01-09-2021 06:37 PM
TIA.
01-09-2021 06:54 PM
Canola IS vegetable oil and is interchangeable with other vegetable oils.
01-09-2021 07:08 PM
@Flatbush I suggest you google is canola oil the same as vegtable oil. I didn't know the answer to your question so I googled and was surprised what I learned.
For example "Although canola oil and vegetable oil are both plant-based oils—canola oil comes from the rapeseed plant and vegetable oil is typically soybean-based or made from a blend of vegetable oils—they differ in their fat composition."
Lot's more info and has changed how I will use each one differently.
01-09-2021 07:15 PM
Go to the livelovefruit website and read up on canola oil. I had NO idea this stuff was so bad. A mild oil is Avocado oil, and it has a high heat point.
01-09-2021 07:20 PM
i use canola oil , peanut oil, olive oil, and grapeseed oil. all of them can go rancid. i stopped buying the huge containers of them and now buy the "normal sized" ones.
01-09-2021 07:25 PM
All types of vegetable oil goes bad after about a year. So no difference there.
Not sure why your recipe calls for it. Due to temperature?
01-09-2021 08:20 PM
I stopped using canola and vegetable oil after reading how they are processed. They are not healthy.
I use Olive and Avocado oil now and buy in a dark glass bottle.
When I made a chocolate cake and it called for vegetable oil, I used olive oil and it came out good.

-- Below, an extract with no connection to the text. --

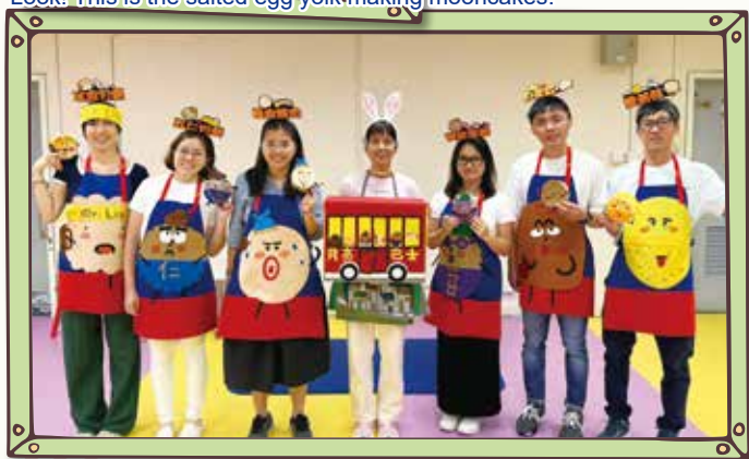
中秋節繪本劇場 Mid-Autumn Festival Picture Book Theatre

01-10-2021 02:09 PM - edited 01-10-2021 02:09 PM
Thanks for posting the differences b/t canola and vegetable oils because they are not the same.
As well, different recipes call for different oils because of their taste/flavor, holds true for olive oils for those of us who use this instead. When making baked goods they usually call for vegetable oil because of the mild or almost no-taste flavor.